Going down for the third time.

Hypothetical guy suffers a heart attack, falls out of a row boat, and lays face down in the water.

Will he sink right away, or float for a time?
If, and when he sinks, how deep will he go?
Is there a depth that he won’t go beyond, or, will he always go to the bottom, regardless of depth?
Does fresh water or salt water make a difference?
Will he rise to the surface at some point, and barring anything holding him down, when will this take place?

If he’s dead when he hits the water, and has air in his lungs, then he’ll probably float initially. If he’s still breathing, and sucks in a lungful of water, he’ll probably sink right away.

People float better in salt water than fresh water, because salt water is heavier.

I don’t know about your other questions.

A few days ago, that happened to a man at a lake near here. Folks onshore noticed his boat, adrift. When they went out to check, they found his body floating nearby. An autopsy will be done, but he probably had a heart attack and fell off.

Most live people are bouyant in fresh water. (I personally am bouyant, but at a depth of about 4 inches.) As ltfire noted, drowning changes that.

Decomposition inside a corpse will eventually produce enough gas to make it float again, if it has no concrete overshoes.

Ack. I should have credited Invisible Wombat for that. I guess the invisibility fooled me.

Wow, I get to do this!

The Master Speaks

Okay, upon rereading the piece by Cecil, it does not really address the OP. Er, never mind.

Anyone else think (or hope) that this was about oral sex?
Personally, I like to perform cunnilingus but by the third time my tongue would be very tired.

We’re tricky that way. :wink:

4 inches? I doubt it. Since water doesn’t compress significantly with depth, you’ll either sink all the way to the bottom or float all the way to the top. I suspect that if you lie on your back and relax completely, you’ll have your face above the surface, but maybe not much more. In any other position you are unlikely to notice that little area exposed. You will float higher with a lungful of air, and sink a bit when you exhale.

Eh? You can achieve neutral bouyancy at any point in the water column, surely?
Certainly, most people would float at the surface with a normal lungful of air, but clothing can easily add sufficient weight that your neutral point is a few feet below the surface.

At least, that’s my experience from diving. I could be wrong.

It can’t be. Water is always the same density, no matter how deep you go.

As you go deeper, the pressure will squeeze you and make you slightly more dense.

So, the deeper you go, the less bouyant you get.
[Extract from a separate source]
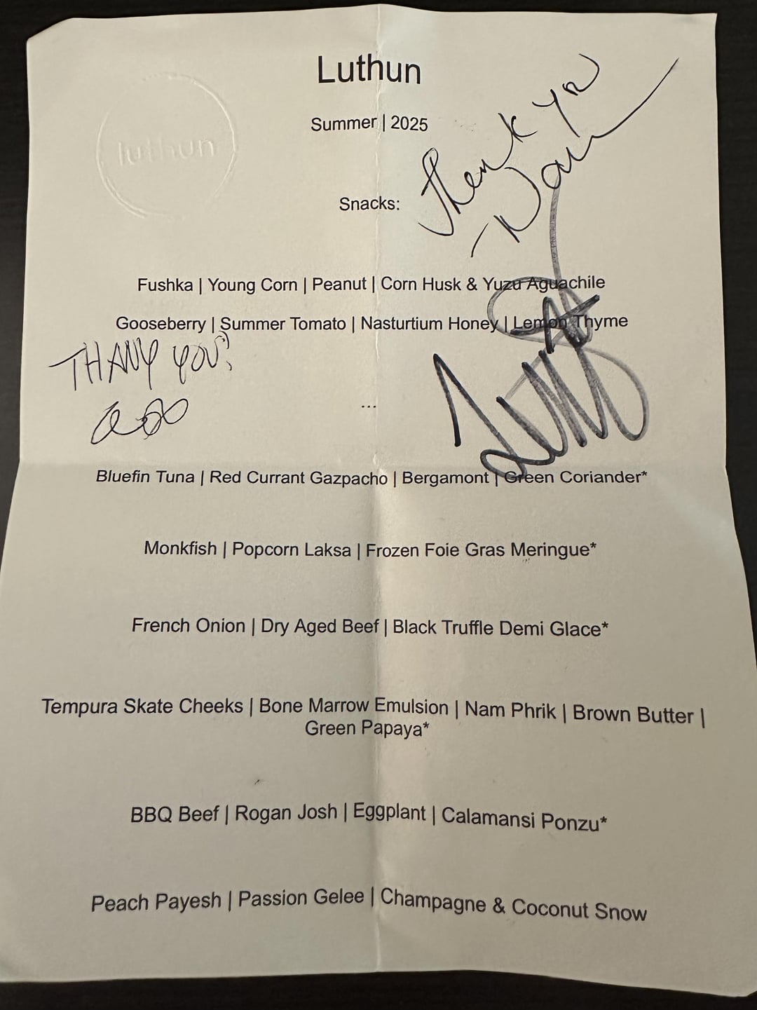 So I saw Luthun getting tons of love here and decided to check it out. This place absolutely did not disappoint. Excellent meal, excellent staff. Incredible this place doesn’t have a star, head and shoulders better than multiple 1 stars I’ve been to. Also a great value, menu was $150.
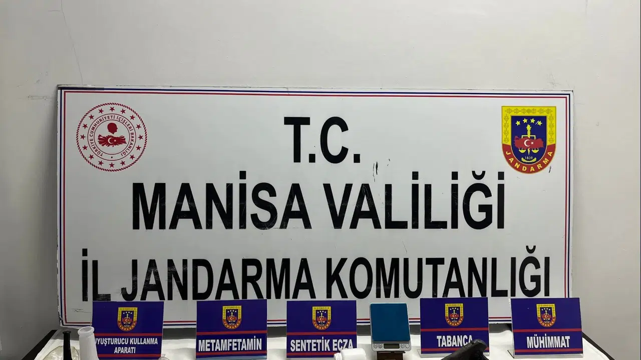 Soma İlçe Jandarma Komutanlığınca uyuşturucu madde ticareti ile mücadele kapsamında yürütülen faaliyetler neticesinde, Ö.F.A. (26) isimli şahsın ikametinde yapılan aramada, 42 adet sentetik hap, 2 gram uyuşturucu, 1 adet hassas terazi, 5 adet uyuşturucu kullanma aparatı, 1 adet tabanca ele geçirildi. Olayla ilgili Cumhuriyet Savcısının talimatıyla tahkikata başlanırken, şüpheli Ö.F.A. adli makamlara sevk edilmek üzere gözaltına alındı.

There are three options for what a body will do in water, if it doesn’t have some kind of active bouyancy adjustment like your BCD when you are diving:

  • it will sink all the way to the bottom.
  • it will float up to the surface and keep some part exposed above the surface
  • it will drift randomly up and down with the currents and not have a particular “set point”.
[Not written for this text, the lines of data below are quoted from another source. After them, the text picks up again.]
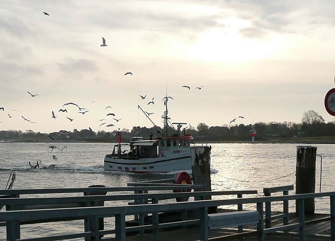 Bi Sünnenupgang keem en Fischkutter vun See. Dat Krieschen un Larmen vun de Möven möök em al vun wieden künnig. He böög vör Tramünn üm de Mool un föhr in Richtung Fischereehaven. Seker harr de Kutter enen goden un rieken Fang maakt. Dat weer Döschtiet! Al up de Trüchfohrt wöörn de Fisch sorteert un sauber maakt un de Bifang un Resten över Bord smeten. Dat weer en lekker Freten för de Möven. Se flögen in dichten Swarm achter den Kutter ran un töövten up niege Fischresten. In de Hööcht vun de "Passat" dat histoorsche Segelschipp bi uns in Tramünn smeten de Fischer wedder wat över Bord. Alltohhop un to glieke Tiet störk de Mövenswarm hindaal un möök sik doröver her. Ünner luthals Krieschen geev dat Striet üm de dicksten Brocken. Dat Water sprütt richtig hoch. Dorna stööv de Swarm uteenanner un dat güng wieder den Kutter achterna. För mi heet dat: "Föhr man gau na den Fischereehaven un kööp Fisch in. Hüüt kriggst du seker enen goden Dösch!" So'n frischen Dösch weer för uns en Festeten. Ok an Hilligavend keem bi uns ümmer Dösch up den Disch. Karpen weer uns to düer. De Dösch weer billiger un ok nich so fett. Wi kunnen em eenfach beter verdregen un he smeck uns ok beter. Dorbi kost hüdigendaags de Dösch an Fischereehaven dat kg bi 5 Euro un de Karpen dat kg 6 Euro. De Snack: "De Dösch is de Karpen vun den lütten Mann!" gellt dorüm egentlich al lang nich mehr. De Biller köönt Se per Klick
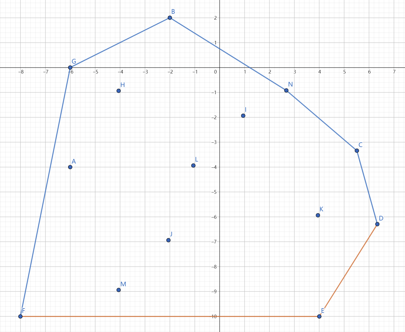 如右图,蓝色部分是上凸包,橙色部分是下凸包
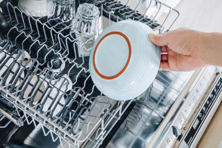Girl hand with clean dishes inside of dishwasher

That’s true as a first approximation, but to be comple, we should note…

While water is relatively incompressible for a liquid, it is not absolutely incompressible. That compressibility actually varies nonlinearly with temperature (increasing as the water is heated OR cooled from 46.5 C. Also water’s density varies with temperature, regardless of pressure, and surface water is generally warmer than deeper water (the denser cooler water sinks)

Water has quite a few anomalous and complex behaviors, some of which contribute significantly to common phenomena (e.g. lakes “freezing over” at the surface) which would not occur with most other fluids.